Provincial / State sides
- Years: Team / Apps / (Points)
- 2002–03: Waikato / 2 / (0)
- 2004: Northland / 3 / (0)
- 2006–08: Waikato / 28 / (0)

Super Rugby
- Years: Team / Apps / (Points)
- 2007: Chiefs / 3 / (0)

International career
- Years: Team / Apps / (Points)
- 2001: NZ Colts / 2 / (0)
- 2007: NZ Māori / 3 / (0)

= Craig West =

Craig Murray West (born 18 April 1980) is a New Zealand former professional rugby union player.

==Rugby career==
Raised in Taumarunui, West was a NZ Colts representative and played as a loosehead prop in the Waikato side that won the 2006 Air New Zealand Cup.
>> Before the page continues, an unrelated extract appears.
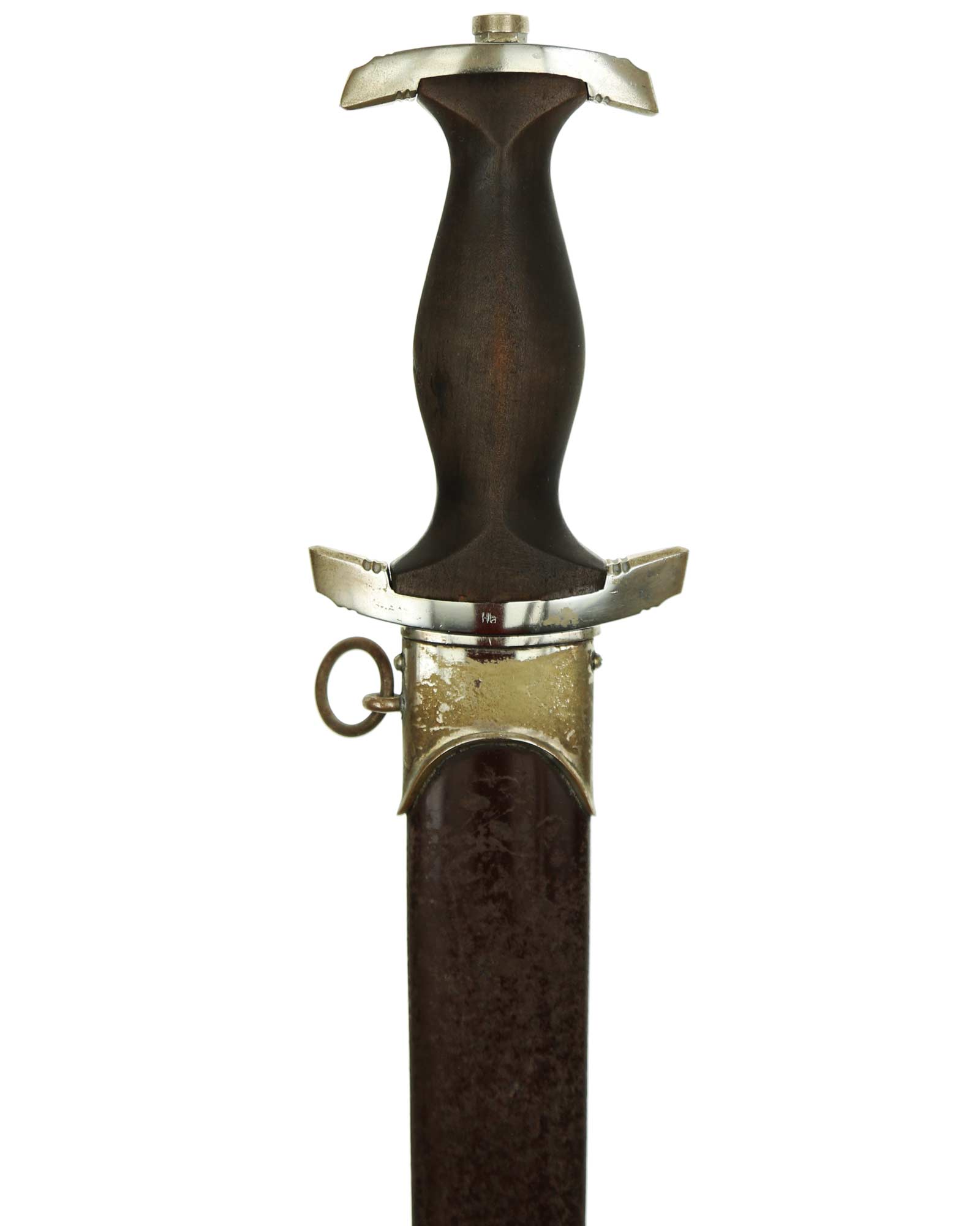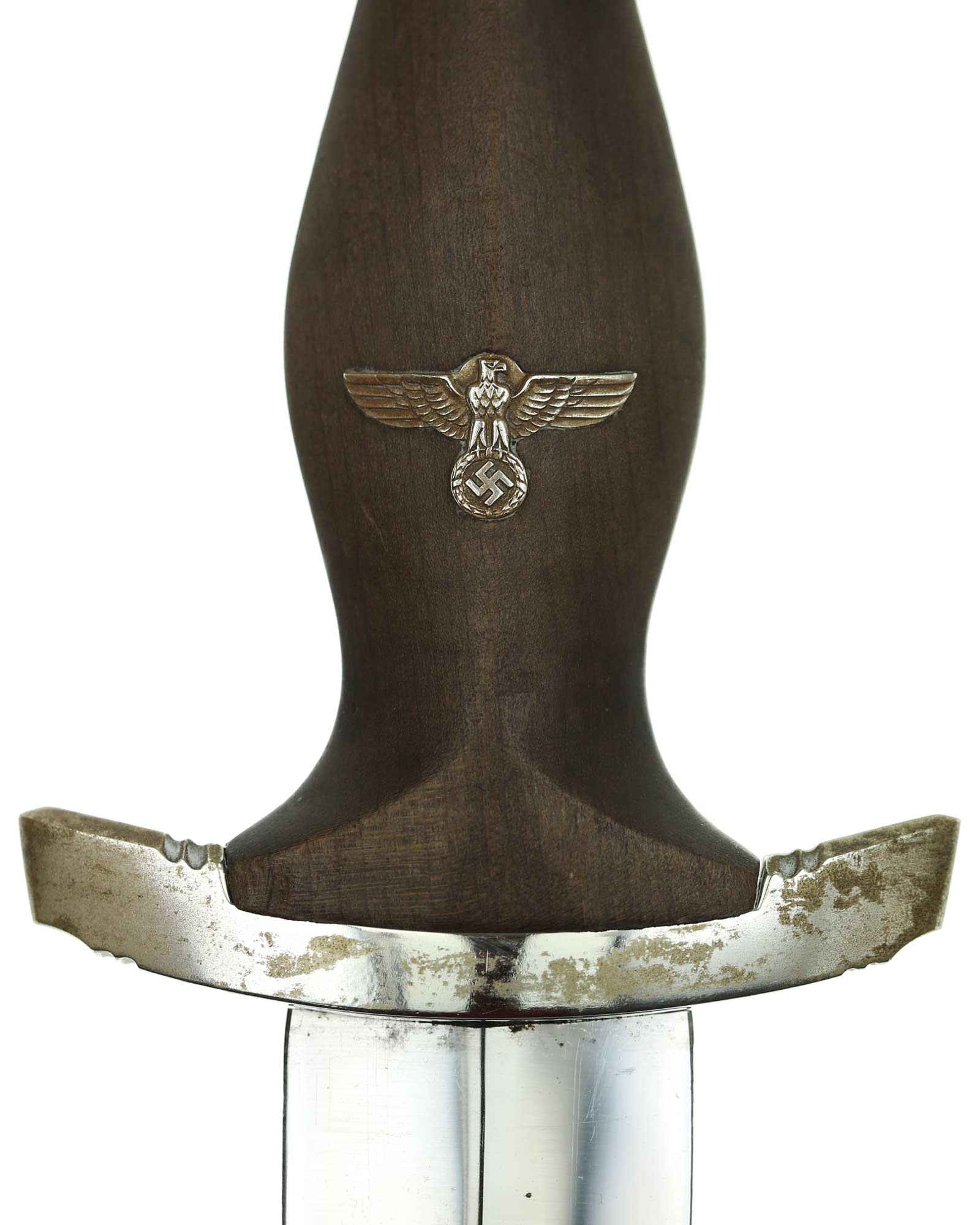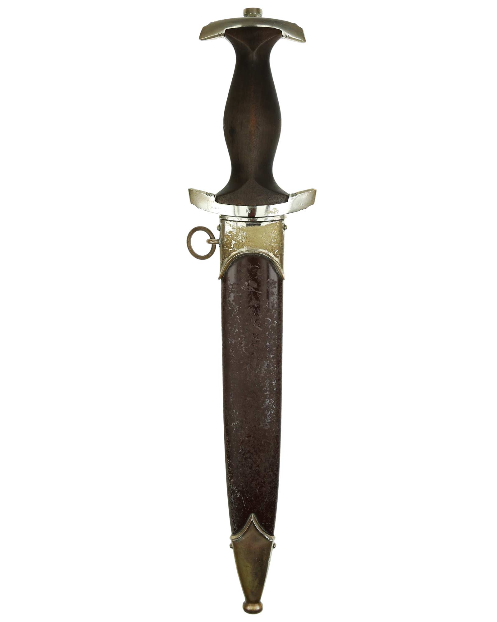 Dienstdolch der Sturmabteilung [SA] in früher Fertigung 1933-1935. SA Dolch mit seltenem Hersteller [4/5]: C.&R. Linder Solingen-Weyer. Untere Parierstange mit Gruppenstempelung «Ha» Hansa.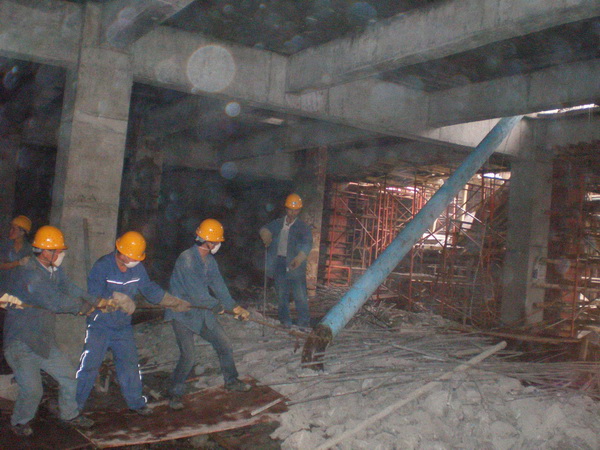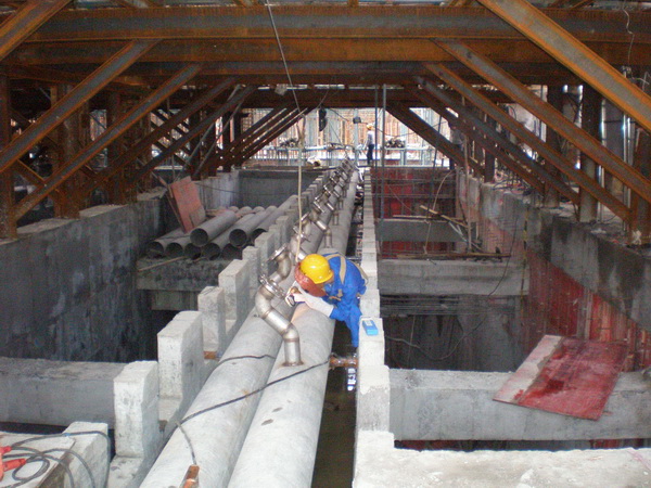 針對(duì)作業(yè)面在地下負(fù)二層,光線較差、通風(fēng)不暢,同時(shí)土建單位正在拆除臨時(shí)支撐,施工現(xiàn)場(chǎng)工作環(huán)境相當(dāng)惡劣等情況。為保證現(xiàn)場(chǎng)施工正常有序的進(jìn)行和施工人員身體健康,項(xiàng)目部采取相應(yīng)措施保證了整個(gè)現(xiàn)場(chǎng)的安全、照明、通風(fēng)。施工人員發(fā)揚(yáng)四化建吃苦耐勞、敢打敢拼的精神,長(zhǎng)期冒雨作業(yè)。吊裝中有吊機(jī)運(yùn)行不到的地方,就積極開(kāi)動(dòng)腦筋,用技巧、經(jīng)驗(yàn)和人力,保證前期設(shè)備及管道的吊裝倒運(yùn),為后期的施工做好了良好的鋪墊。

His Waikato performances earned him a Chiefs call up during the 2007 Super 14 season and he made three appearances, two in the starting XV. He toured England with NZ Māori in 2007.

==Business==
West ended his rugby career in 2009 due to injury and has since held several management roles at integrated services company Downer NZ. He was named Deloitte Top 200: Young Executive of the Year in 2015.